Exercise: Restate word for word all of the lines below, with each image left out.

Given material:
□ □ □
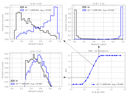 翻译:我们使用神经网络在LHC研究几种简化的暗物质(DM)模型及其特征。 我们侧重于通常的单喷射和缺失的跨反向能源频道,但是要培训算法,我们用2D直方图而不是逐个事件阵列来组织数据。 这导致一个很大的性能提升来区分标准模型(SM)和SM加新物理信号。 我们使用运动单体单体喷射功能作为输入数据, 使我们能够用一个数据样本来描述模型的家庭。 我们发现神经网络的性能并不取决于模拟的背景事件数量, 如果它们显示为美元/\\ sqrt{B}$的函数, 而美元和美元是每个直方图的信号和背景事件数量。 这为方法提供了灵活性, 因为在此情况下测试一个特定模型只需要了解新的物理单体截面部分。 此外, 我们还在对真实的DM性质错误假设下讨论网络性能。 最后,我们建议多个模型分类员以更笼统的方式搜索和识别新的信号, 用于下一个LHCS 运行 。
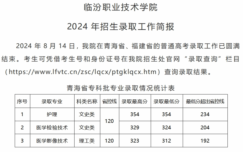 临汾职业技术学院2024年招生录取工作简报(青海省、福建省)
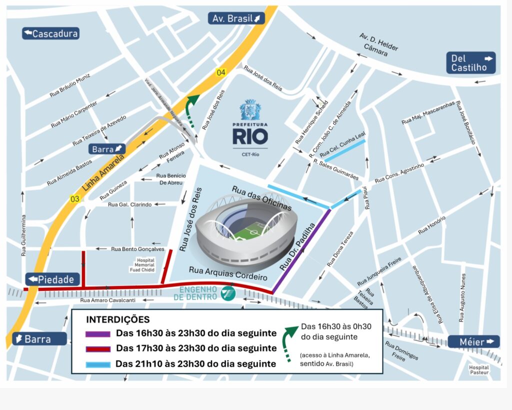 O Centro de Operações e Resiliência da Prefeitura do Rio (COR-Rio) informa que uma operação de trânsito foi montada nesta quarta-feira (15/10) para o jogo entre Botafogo e Flamengo, pelo Campeonato Brasileiro, às 19h30, no estádio Nilton Santos, no Engenho de Dentro, Zona Norte do Rio. Os bloqueios no entorno do estádio começam a partir das 16h30.
□ □ □
Solved problem:
 翻译:我们使用神经网络在LHC研究几种简化的暗物质(DM)模型及其特征。 我们侧重于通常的单喷射和缺失的跨反向能源频道,但是要培训算法,我们用2D直方图而不是逐个事件阵列来组织数据。 这导致一个很大的性能提升来区分标准模型(SM)和SM加新物理信号。 我们使用运动单体单体喷射功能作为输入数据, 使我们能够用一个数据样本来描述模型的家庭。 我们发现神经网络的性能并不取决于模拟的背景事件数量, 如果它们显示为美元/\\ sqrt{B}$的函数, 而美元和美元是每个直方图的信号和背景事件数量。 这为方法提供了灵活性, 因为在此情况下测试一个特定模型只需要了解新的物理单体截面部分。 此外, 我们还在对真实的DM性质错误假设下讨论网络性能。 最后,我们建议多个模型分类员以更笼统的方式搜索和识别新的信号, 用于下一个LHCS 运行 。
 临汾职业技术学院2024年招生录取工作简报(青海省、福建省)
 O Centro de Operações e Resiliência da Prefeitura do Rio (COR-Rio) informa que uma operação de trânsito foi montada nesta quarta-feira (15/10) para o jogo entre Botafogo e Flamengo, pelo Campeonato Brasileiro, às 19h30, no estádio Nilton Santos, no Engenho de Dentro, Zona Norte do Rio. Os bloqueios no entorno do estádio começam a partir das 16h30.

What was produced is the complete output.